11 Transparency 15-11 Equity Method Example The journal entry to record the investment is: Investment in unconsolidated affiliate 540,000 Cash 540,000

12 Transparency 15-12 Equity Method Example On December 31, 2005, Huskie Corporation reports net income of $130,000. What impact does this have on Rhody’s investment in Huskie?

13 Transparency 15-13 Equity Method Example Rhody will increase its investment in Huskie by its pro rata share $39,000 ($130,000 x 30%) of Huskies’ net income. Investment in Unconsolidated Affiliate 39,000 Equity in net earnings of unconsolidated affiliate 39,000

14 Transparency 15-14 Equity Method Example On January 15, 2006, Huskie Corporation declares a dividend of $20,000 payable on January 31, 2006. What impact does this have on Rhody’s investment in Huskie?

15 Transparency 15-15 Equity Method Example Rhody will decrease its investment in Huskie by its pro rata share $6,000 ($20,000 x 30%) of the dividend. Declaration Date: Dividend receivable 6,000 Investment in Unconsolidated Affiliate 6,000 Payment Date: Cash 6,000 Dividend receivable 6,000

16 Transparency 15-16 Consolidated Financial Statements When a corporation’s ownership interest exceeds 50%, the consolidated financial statements (e.g., income statement, balance sheet, cash flow statement) reflect the combined activity for the year of all the entities minus any related party transactions (e.g., sales between the entities).

17 Transparency 15-17 Consolidation Example Rhody owns 100% of Minuteman Corporation. During the year, Rhody had sales of $100 million and Minuteman had sales of $40 million, of which $6 million were sales to Rhody. What will Rhody report as total sales for the year?

18 Transparency 15-18 Consolidation Example Since $6 million of Minuteman’s sales are to Rhody, the consolidated entity must reduce its combined sales of $140 ($100 + $40) by the $6 million of related party sales. Thus, Rhody will report total sales of $134 million ($100 + $40 - $6).
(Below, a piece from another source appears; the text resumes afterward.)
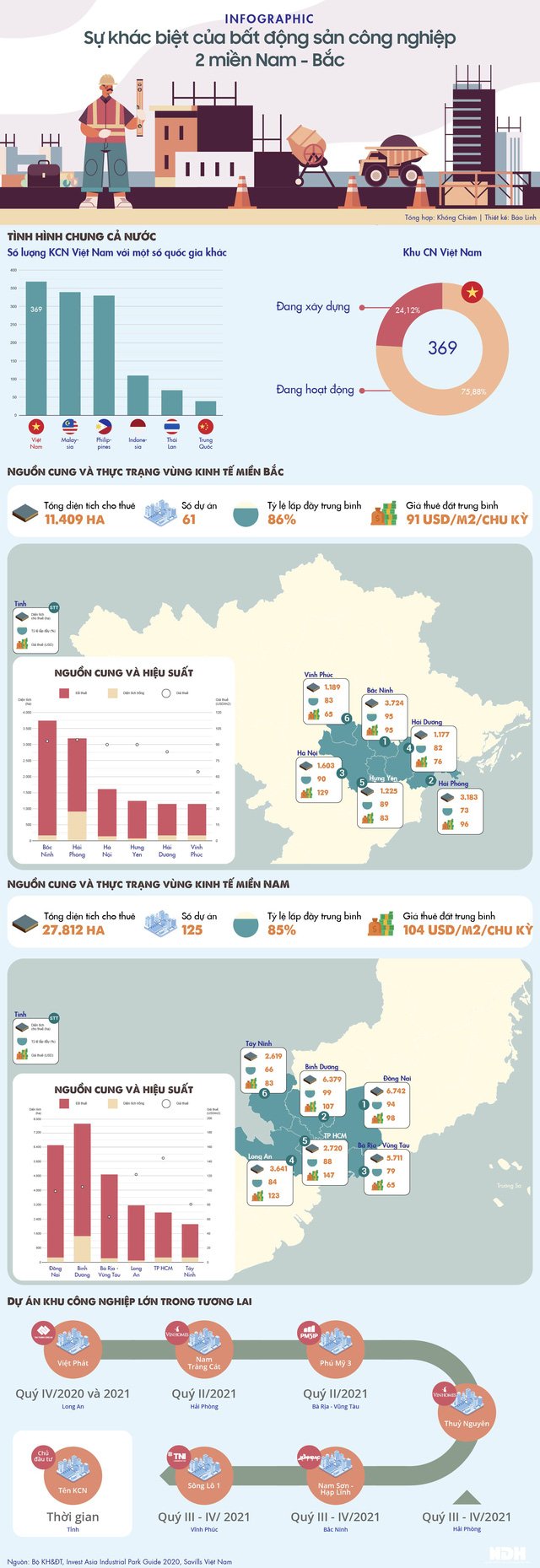 Cả nước có 369 khu công nghiệp, trong đó đang hoạt động chiếm 76%, còn lại đang xây dựng. Tổng diện tích các khu công nghiệp phía Bắc bằng một nửa phía Nam, giá thuê trung bình thấp hơn 13%, đạt 91 USD/m2. Các dự án khu công nghiệp lớn trong tương lai được kỳ vọng ở Hải Phòng, Vĩnh Phúc, Bà Rịa – Vũng Tàu, Long An.

19 Transparency 15-19 Treatment of Minority Interest on Consolidated Financial Statements Balance Sheet: If a corporation holds more than a 50% interest but less than a 100% interest in another entity, this minority interest represents the minority owners’ claims against the net assets of the subsidiary. This account will usually appear after the liabilities, but before the shareholders’ equity section, in the consolidated balance sheet.

20 Transparency 15-20 Treatment of Minority Interest on Consolidated Financial Statements Income Statement: The consolidated income statement lists all revenue and expenses for the combined entities. The pro rata amount of income not belonging to the parent is captured in a line item called “minority interest”. Cash Flow Statement: Minority interest is added back to the cash flow statement because it reduced net income but does not require the use of cash.